Casi a la vez, al otro lado del mundo, Shostakóvich estaba creando un memorial sonoro dedicado a una masacre nazi que la URSS se había esforzado por esconder. Hasta 33.771 judíos fueron asesinados en apenas dos días en septiembre de 1941 en Babi Yar, un barranco a las afueras de la ciudad de Kiev.
Borrar la memoria
Al principio Stalin pensó que le sería útil documentar el Holocausto y puso a los autores Ilyá Ehrenburg y Vasili Grossman a recopilar testimonios para El libro negro. Pero en agosto de 1947, con el libro ya en imprenta y mientras Schoenberg componía en California Un superviviente de Varsovia, se dio la orden de frenar la publicación.
El foco en aquella tragedia judía no encajaba con el creciente antisemitismo del régimen ni con el relato de la cruzada patriótica. En Babi Yar se borró la memoria de la masacre rellenando primero el barranco y construyendo luego una presa que se derrumbó en marzo de 1961 matando a cientos de personas.
Unos meses después, el joven poeta Evgueni Evtuchenko visitó el paraje junto al escritor Anatoly Kuznetsov, que luego documentaría la matanza. De aquella visita nació el poema Babi Yar, que Shostakóvich leyó en una revista moscovita y que sería la base de su Sinfonía nº 13 en Si bemol menor.
Para entonces el compositor era un hombre cada vez más angustiado por el acoso del régimen. Ateo y sin ancestros judíos, había vivido, sin embargo, muy de cerca el antisemitismo soviético por el arresto de intelectuales judíos muy próximos.
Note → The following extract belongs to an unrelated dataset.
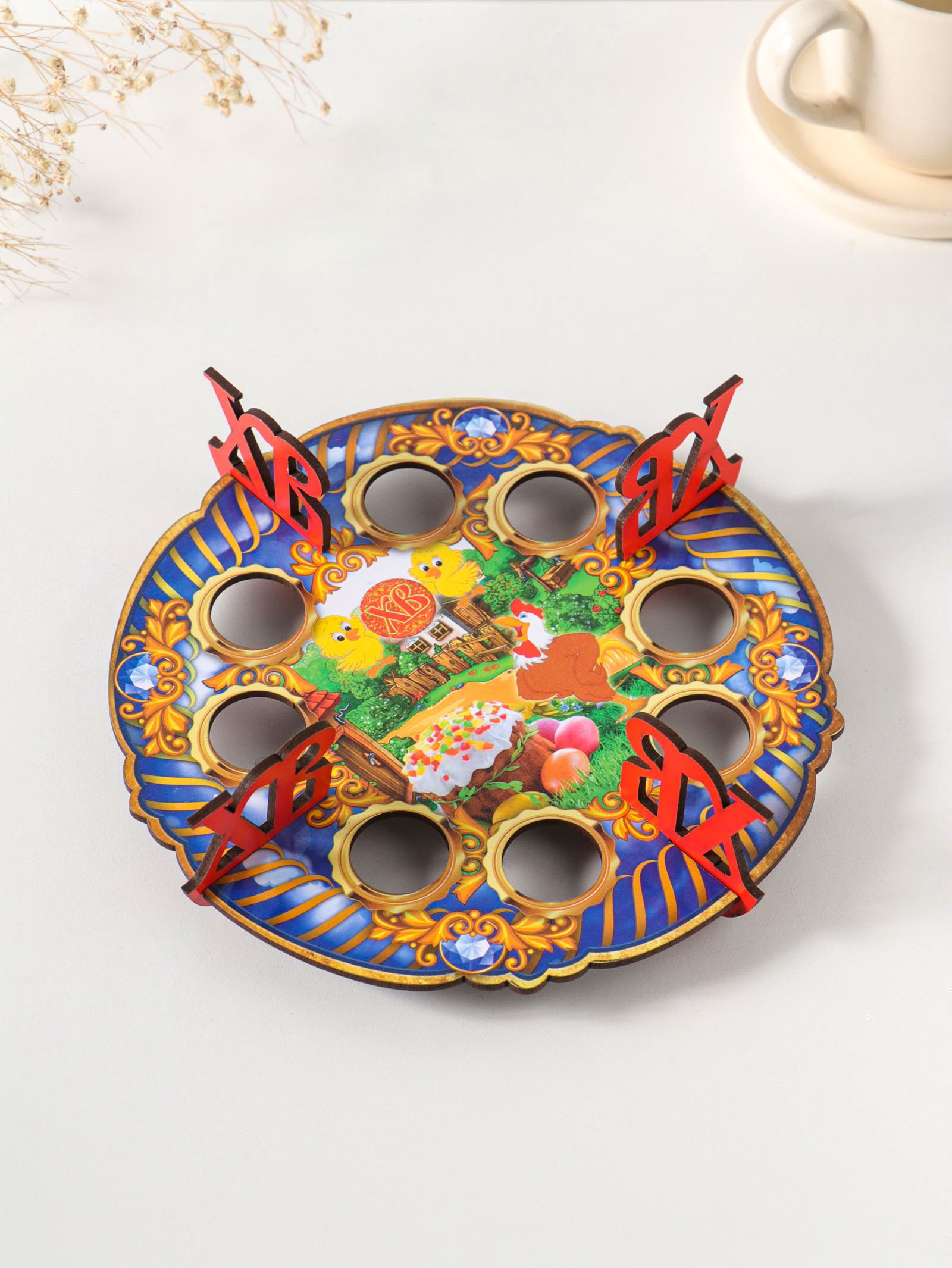 Создайте пасхальное настроение Традиционный образ петушка и птиц привносит в дом атмосферу весеннего праздника. Подставка не просто служит утилитарным целям она становится важным элементом декора, вокруг которого строится вся пасхальная композиция. Прочная конструкция позволяет использовать ее из года в год, превращая в любимый семейный атрибут встречи Светлого Воскресения. | ||

Su Trío para piano nº 2 (1944) incluía guiños a la música popular judía y se puede concebir como uno de los primeros homenajes a la memoria del Holocausto. Pero su sinfonía fue una declaración política mucho más potente al abordar de forma inequívoca un episodio que el régimen había ordenado olvidar.
Cicatrices
“Shostakóvich fue el gran relator del siglo XX con sus utopías y con sus pesadillas más profundas”, dice Eichler. “Su sinfonía muestra cómo esta forma de arte puede crear un lugar para recordar a quienes no tienen una tumba. Uno de los mensajes del libro es que la naturaleza efímera de la música es también uno de sus puntos fuertes. Los monumentos de piedra se destruyen y los libros se queman, pero la música es intocable”.
La sinfonía se interpretó por primera vez en Moscú en diciembre de 1962 pese a la amenaza de la censura y a la cólera de Nikita Jruchev, que criticó el poema de forma furibunda en la víspera del estreno. A Occidente llegó de la mano de Mstislav Rostropovich, que sacó la partitura de la URSS rasgando la primera página y escondiéndola en una maleta, y propició su estreno en Filadelfia en 1970. Aun así la sinfonía no se abrió paso por igual en todas partes. La Filarmónica de Berlín sólo la estrenó en 1983. La de Viena no la ha interpretado nunca.
El libro concluye junto al tocón del roble de Goethe, hoy lleno de guijarros en recuerdo a las víctimas de Buchenwald, y al pie del monumento a Mendelssohn, reconstruido en Leipzig en 2008 junto a su lema original: “Que el lenguaje de la música hable solo de cosas nobles”.
¿Sigue teniendo sentido ese deseo? Eichler se pregunta cómo deberíamos percibir la música que nació de aquel ideal después del Holocausto. “No podemos o no deberíamos escuchar una obra como la Novena de Beethoven sin oír las cicatrices que se le han infligido o la historia a través de la que ha llegado a nosotros”, dice. “Escuchar esa música sin esas cicatrices es reducirla a una especie de kitsch de la libertad”.